There was a part of Jill that thought they were outmatched. Rude didn’t have a single good thing to say about Umbrella, but that didn’t make them half as stupid as he claimed. Umbrella’s paramilitary force wasn’t anything to scoff at. In the time leading up to the attack on Rockfort Island, she did her research -- how Umbrella recruited and trained children, or how they poached promising career military men from across the world, from various nations or mercenary companies.

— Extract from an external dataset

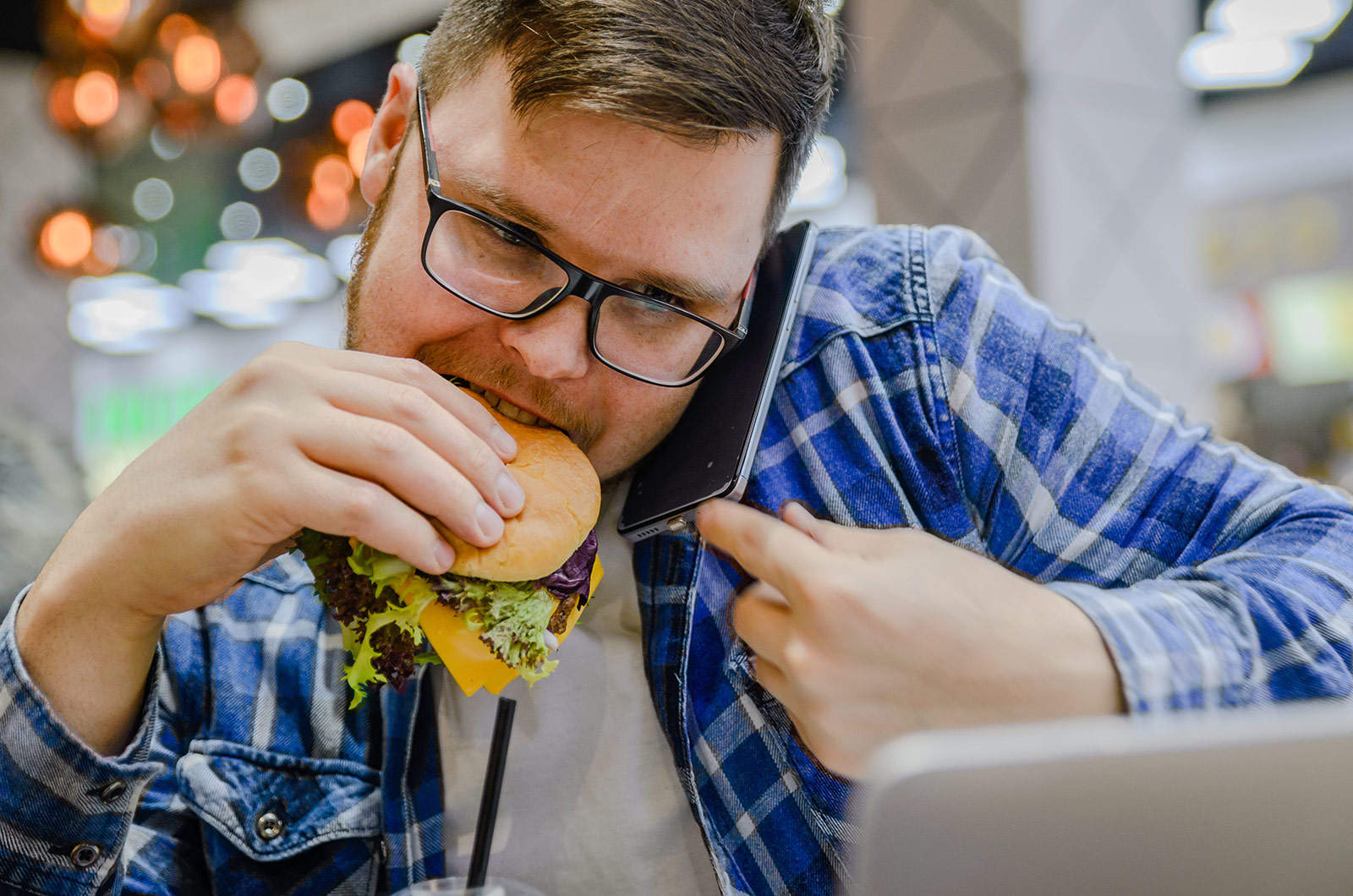 Zeitung zuklappen, Fernseher aus, Handy weglegen - beim Essen sollten wir uns nicht ablenken lassen, weil wir sonst nicht spüren können, wann wir satt sind. Nicht im Stehen essen, sondern nur im Sitzen am Tisch mit ausreichend Zeit. Wer langsam isst und ausreichend kaut, merkt besser, wann er satt ist.

They were going up against roughly three hundred veterans in the assault on the military compound. Three hundred men and women who had seen live combat, who had killed, and had a taste for danger. They were cut from the same cloth as she, Carlos, and Chris -- the kind that felt right at home when death was one mistake away. 

Rude had his plans. He had his tech. He was without a shadow of a doubt the smartest person she had ever met, even if he was a resoundingly shit liar. However, he wasn’t a soldier. He didn’t have their instincts, he didn’t have the experience, and he didn’t have their mentality. 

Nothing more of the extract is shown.